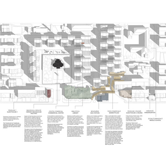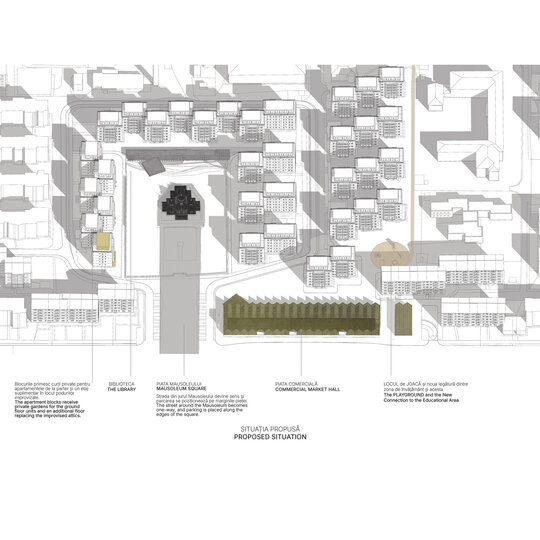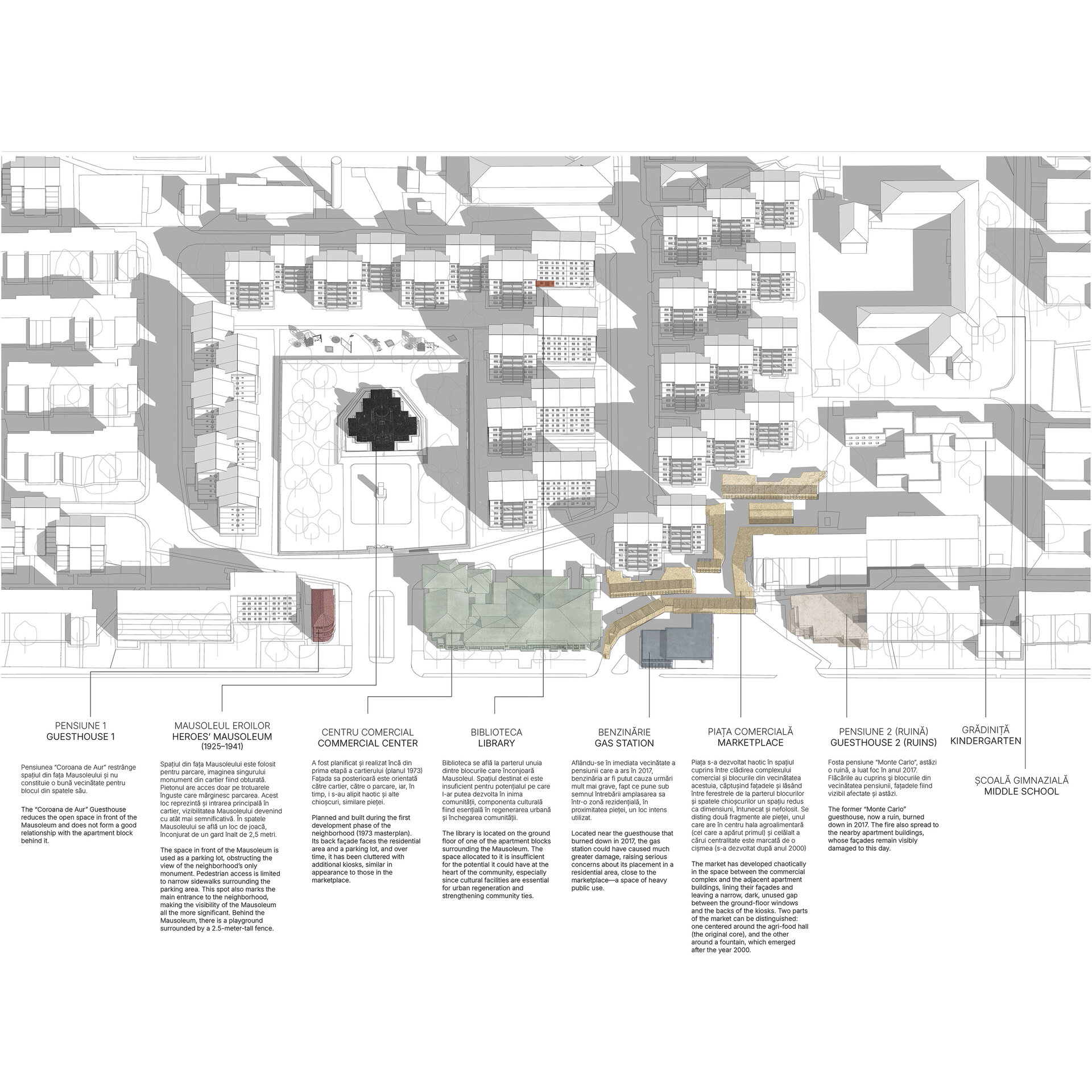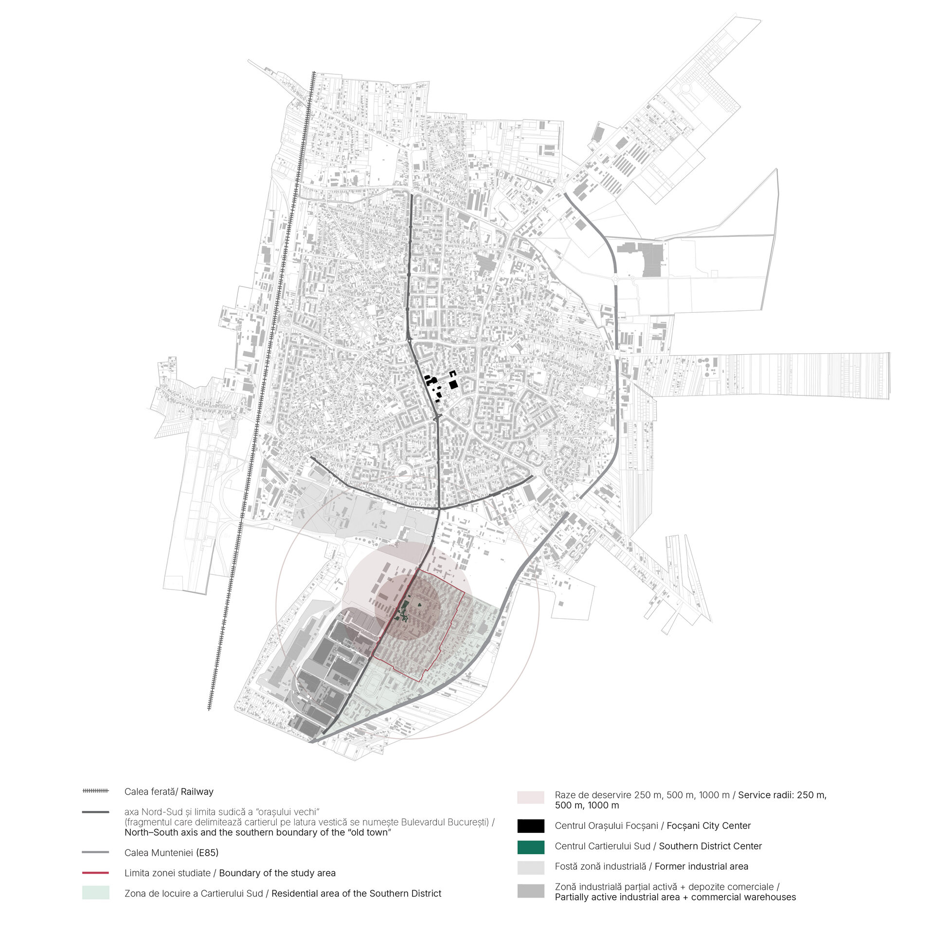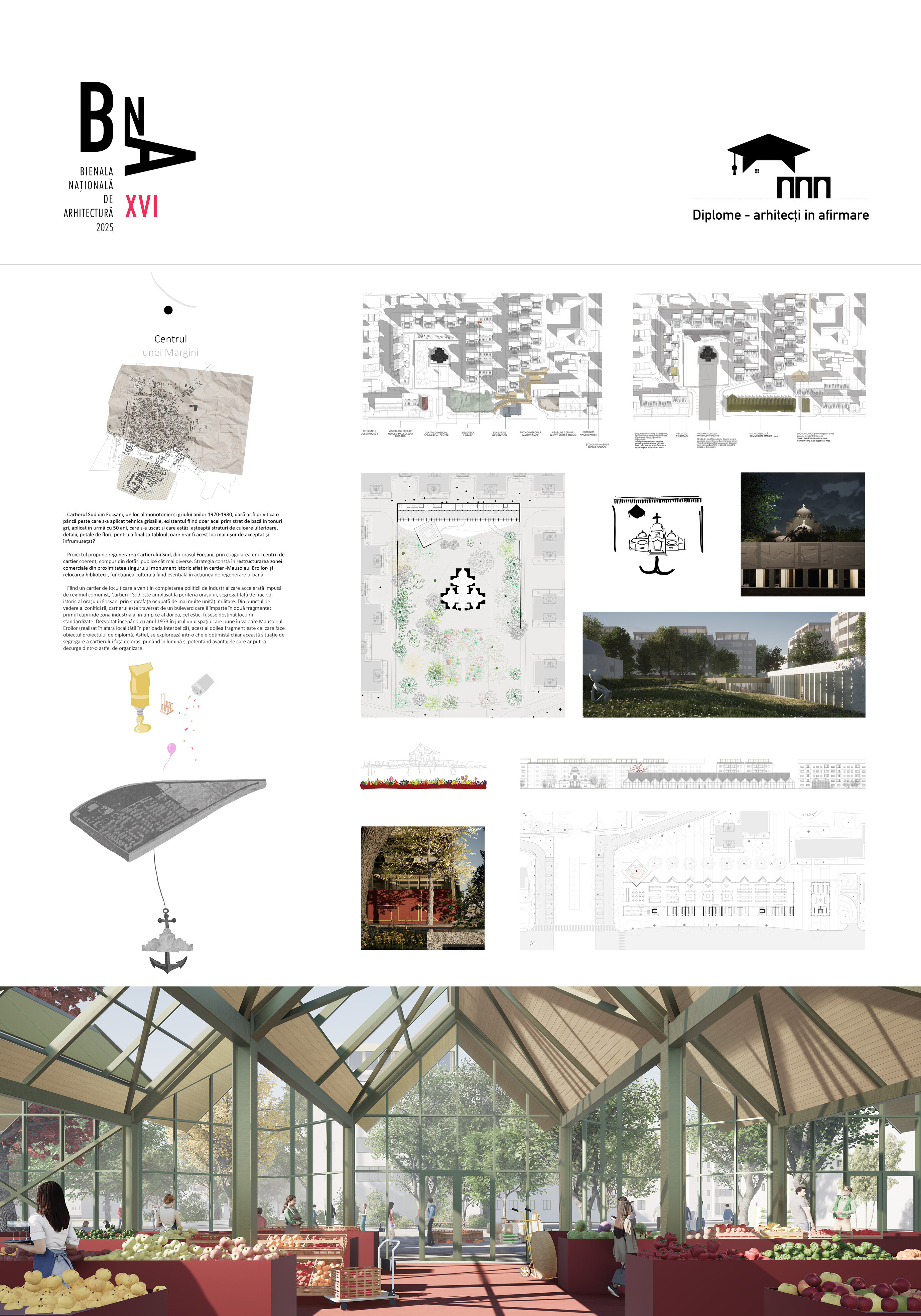 Proiectul propune regenerarea Cartierului Sud, din orașul Focșani, prin coagularea unui centru de cartier coerent, compus din dotări publice cât mai diverse. Strategia constă în restructurarea zonei comerciale din proximitatea singurului monument istoric aflat în cartier -Mausoleul Eroilor- și relocarea bibliotecii, funcțiunea culturală fiind esențială în acțiunea de regenerare urbană. Fiind un cartier de locuit care a venit în completarea politicii de industrializare accelerată impusă de regimul comunist, Cartierul Sud este amplasat la periferia orașului, segregat față de nucleul istoric al orașului Focșani prin suprafața ocupată de mai multe unități militare. Din punctul de vedere al zonificării, cartierul este traversat de un bulevard care îl împarte în două fragmente: primul cuprinde zona industrială, în timp ce al doilea, cel estic, fusese destinat locuirii standardizate. Dezvoltat începând cu anul 1973 în jurul unui spațiu care pune în valoare Mausoleul Eroilor (realizat în afara localității în perioada interbelică), acest al doilea fragment este cel care face obiectul proiectului de diplomă. Astfel, se explorează într-o cheie optimistă chiar această situație de segregare a cartierului față de oraș, punând în lumină și potențând avantajele care ar putea decurge dintr-o astfel de organizare.
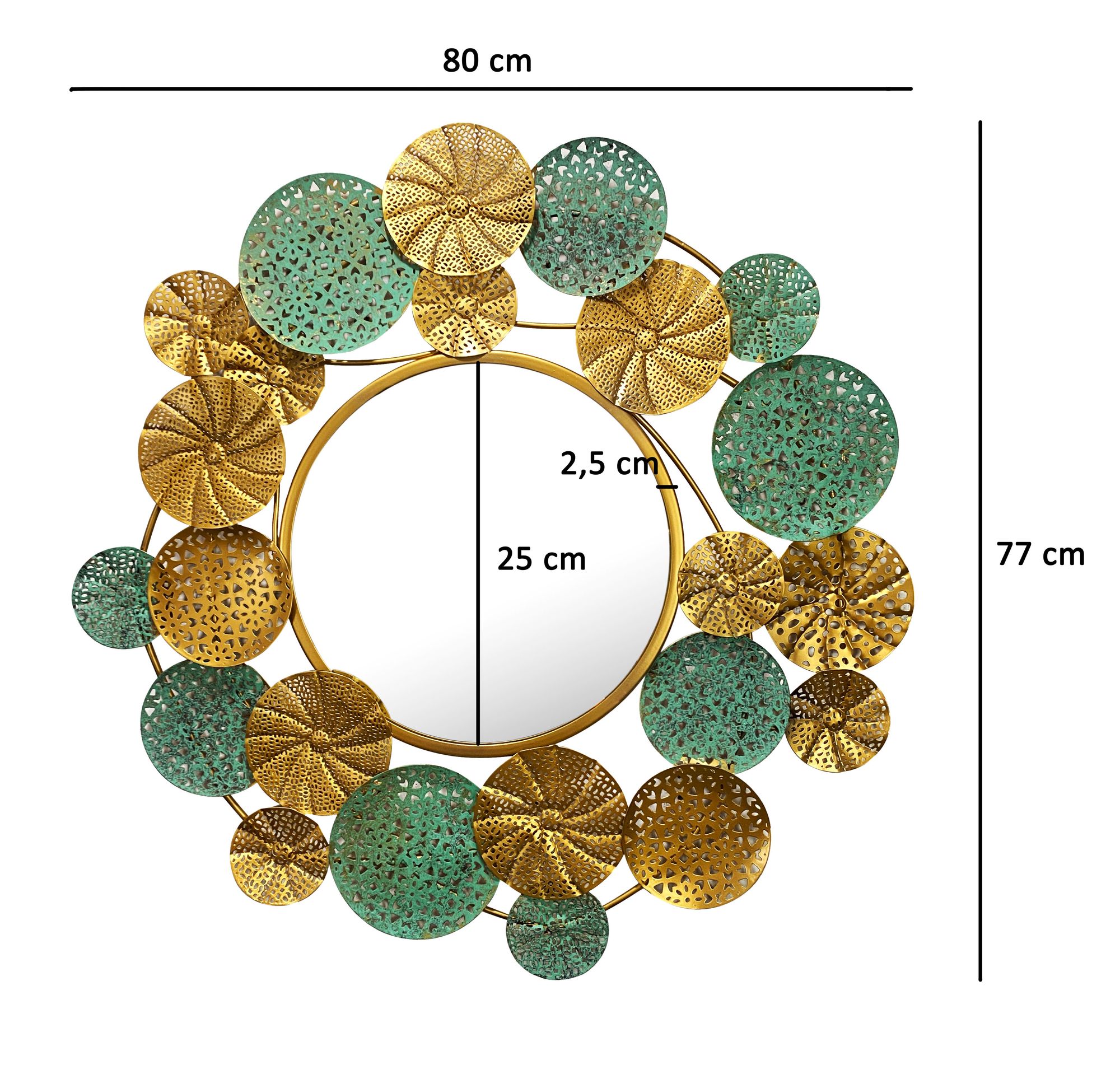 Informácie o výrobku "Okrúhle nástenné zrkadlo sklo a patinované zlaté železo | 80x77 cm | Zlatý rám so zelenou patinou"
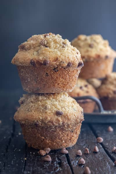 These Chocolate Chip Muffins make the perfect breakfast or snack idea. So easy to make. They are a soft moist muffin with a delicious crunchy streusel topping. A delicious treat for anytime!
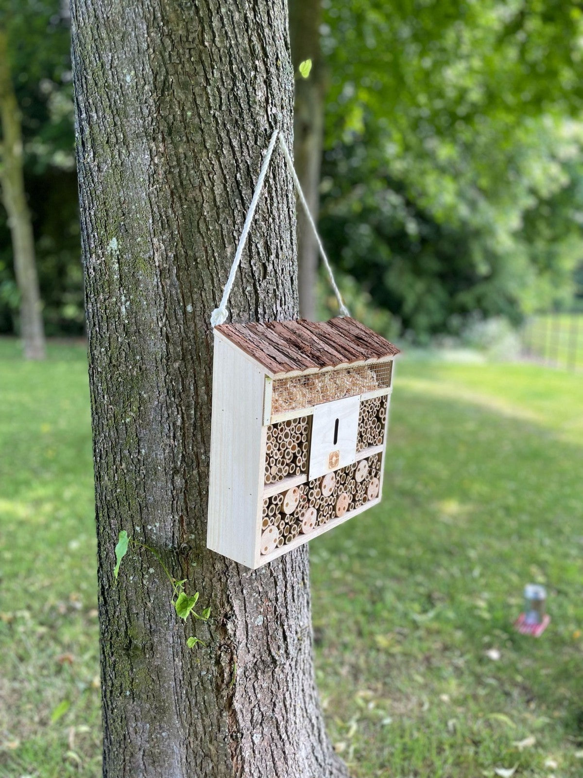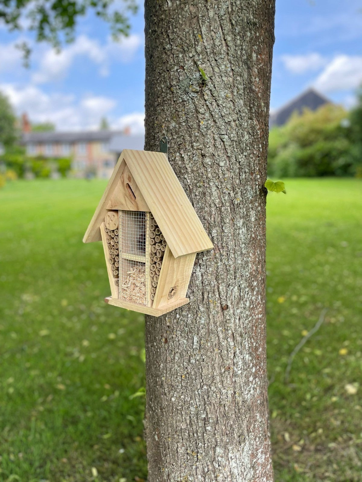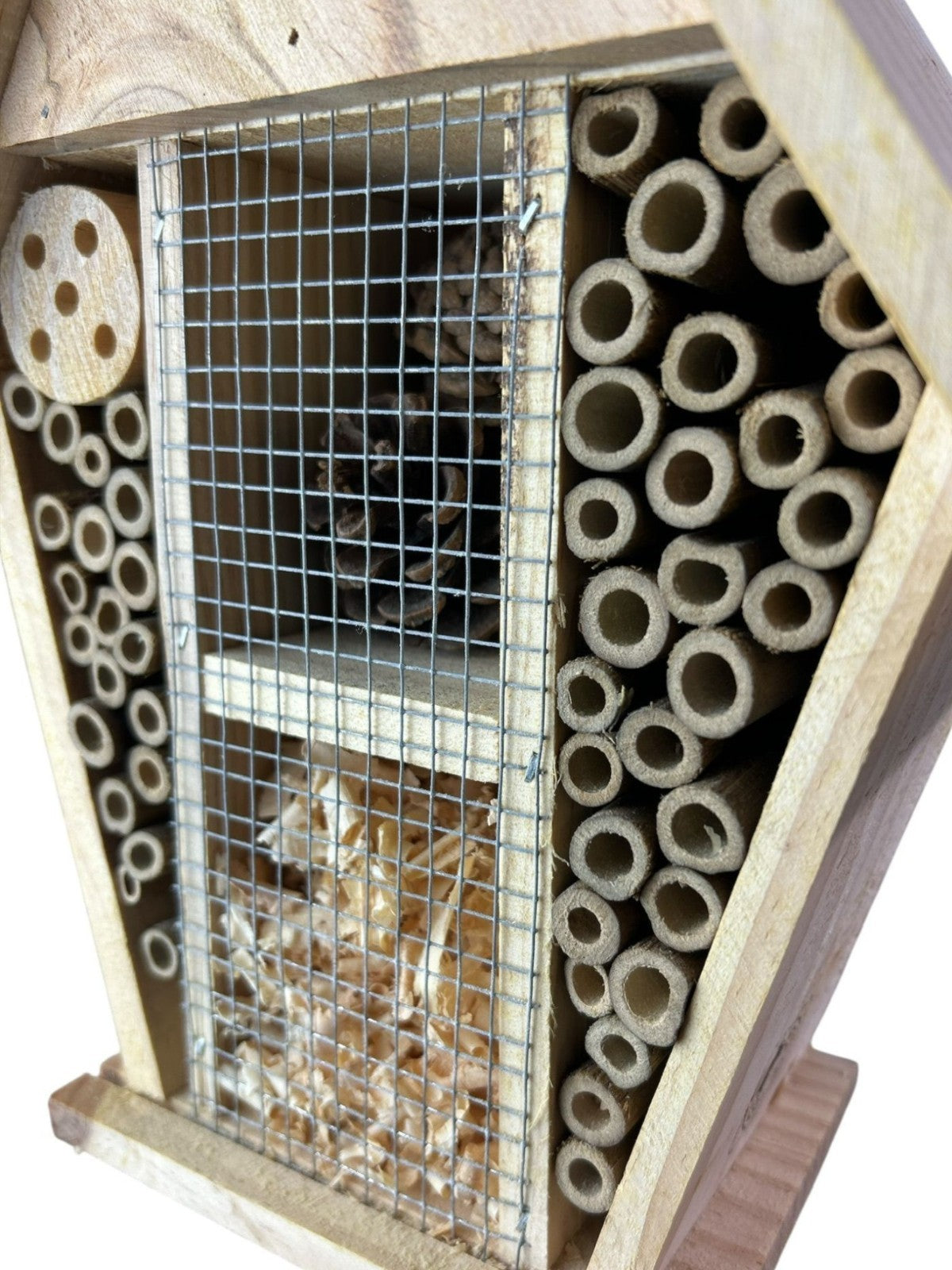 Pointed Roof Wooden Insect Hotel Home Hanging Bug House Garden Nature Decor Gift
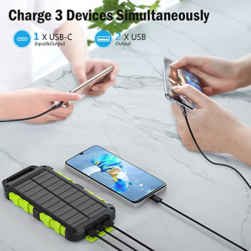 • Podwójne wyjście/wejście: nasza ładowarka słoneczna zapewnia 2 wyjścia USB (2.1A) mogące ładować 2 urządzenia z pełną prędkością w tym samym czasie. Zapewnia kabel do szybkiego ładowania USB-C (3A) i ładowanie słoneczne (ładowanie słoneczne jest rozwiązaniem awaryjnym)

++++++++

WORK TO BE COMPLETED – Skip the pictures. Restate exactly the lines from the start of the entries through the line containing "Informácie o výrobku", both ends included.

WRITTEN SOLUTION –
 Proiectul propune regenerarea Cartierului Sud, din orașul Focșani, prin coagularea unui centru de cartier coerent, compus din dotări publice cât mai diverse. Strategia constă în restructurarea zonei comerciale din proximitatea singurului monument istoric aflat în cartier -Mausoleul Eroilor- și relocarea bibliotecii, funcțiunea culturală fiind esențială în acțiunea de regenerare urbană. Fiind un cartier de locuit care a venit în completarea politicii de industrializare accelerată impusă de regimul comunist, Cartierul Sud este amplasat la periferia orașului, segregat față de nucleul istoric al orașului Focșani prin suprafața ocupată de mai multe unități militare. Din punctul de vedere al zonificării, cartierul este traversat de un bulevard care îl împarte în două fragmente: primul cuprinde zona industrială, în timp ce al doilea, cel estic, fusese destinat locuirii standardizate. Dezvoltat începând cu anul 1973 în jurul unui spațiu care pune în valoare Mausoleul Eroilor (realizat în afara localității în perioada interbelică), acest al doilea fragment este cel care face obiectul proiectului de diplomă. Astfel, se explorează într-o cheie optimistă chiar această situație de segregare a cartierului față de oraș, punând în lumină și potențând avantajele care ar putea decurge dintr-o astfel de organizare.
 Informácie o výrobku "Okrúhle nástenné zrkadlo sklo a patinované zlaté železo | 80x77 cm | Zlatý rám so zelenou patinou"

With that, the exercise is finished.